DR. NO has the every obligatory element of the Bond formula (action, exotic women, locations, villains) and it is as entertaining as an average Bond film, but something is missing. First of all, film lacks spectacle usually associated with the Bond classics. Jamaican locations and characters seem somewhat too real, too ordinary and many viewers, unaccustomed to Bond, would mistake this film for a conventional spy thriller. Realistic tone of the movie is also underlined with the use of local calypso music (which is also a nice opportunity to hear Jamaican sounds before that island became famous for its reggae.) Realism is here partly due to a limited budget (legendary Pinewood studios were used only for the last scenes of the film, with the sets rather lame compared to the latter Bond adventures), and partly due to Fleming being able to influence the film more than in all latter films. As a result, even the Bond character is closer to original Fleming's vision - he is cynical and scruples when it comes to achieving his goals. Contemporary moralists (including Vatican, which issued official communique condemning the film) were outraged with the scenes like Bond shooting helpless enemy in cold blood or Bond having sex with a female enemy agents before turning her to authorities. On the other hand, DR. NO is more realistic than other Bond films because here 007 lacks his usual spy gadgets and must rely solely on his wits in order to survive. And the realism also works the other way around - Bond is perhaps meaner than in other films, but he also gets his comeuppance by having been tortured, beaten and humiliated more than usual.

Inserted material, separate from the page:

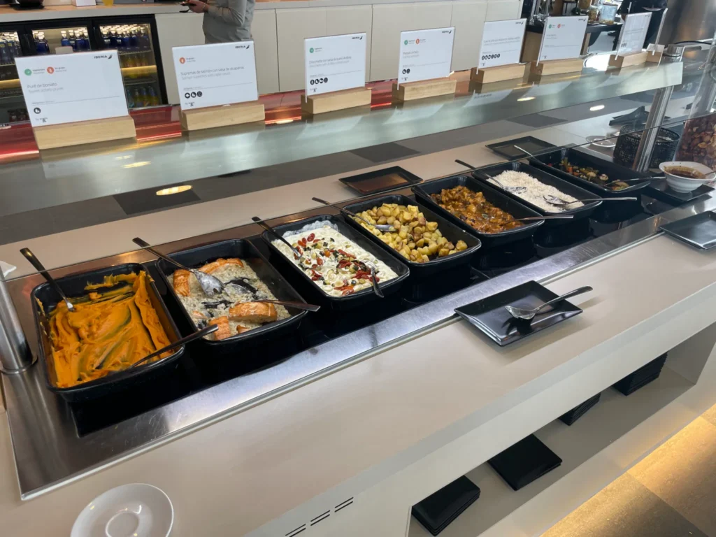 Iberia’s Velazquez Lounge at Madrid Barajas is a stylish space where food is taken seriously. Guests can enjoy a rotating buffet of Spanish dishes — think Iberian ham, tortilla, paella, and freshly baked bread — alongside international options for those seeking something lighter.

Sean Connery was, of course, splendid in the role that clinched his career. His Bond is a classic Bond - stone-cold deadly killer, intelligent yet witty and loveable, able to bring every woman to his bed. First time we hear those immortal words "Bond, James Bond" we hear the very same confident voice that would be a trademark of this character for decades to come. Connery's charm is unstoppable; because of it, we are able to enjoy his presence and take for granted lines that would otherwise sound ridiculous and trashy. And the script by Richard Maibaum, Johanna Harwood and Berkley Maher was very suitable for Connery to show his acting abilities; non-Superman Bond in DR.NO even has some opportunity to express fear, panic and repulsion, something we don't see very often in the latter incarnations of his characters.

The other two obligatory characters - Bond's partner and Bond's chief opponent - weren't that lucky. Many say that Ursulla Andress, Swiss actress who had the honour of being the very first Bond girl, actually happens to be the best from the bunch. It is truth that the scene of bikini-clad Honey Ryder coming out of sea really belongs among classic Bond scenes. It is also truth that Ursulla Andress one of the shinier careers among all the Bond girls. But her character is ruined by the weak script and the writers not able to decide whether to treat her as a tough woman and equal partner to Bond, or just an ordinary damsel in distress. Joseph Wiseman as enigmatic Dr. No is also very good, but the script left too many plot holes concerning his intentions and didn't really explain some of his actions. The other characterisations are even worse - for example, Quarrel as Bond's sidekick has a role that borders parody and even some racial stereotyping. PC police of today probably wouldn't appreciate the fact that the all the villains, except one, happen to be dark-skinned or Asians.

DR. NO, seen by itself, is a still entertaining, but rather inferior Bond film. However, since it was the first in the series, it established the character of Bond, his trademarks, recognisable musical theme by John Barry and Monty Norman, and even some of the regular side characters (M, Miss Moneypenny). All that makes it essential for all those who want to be introduced to the series and all those who are already fans of Bond films.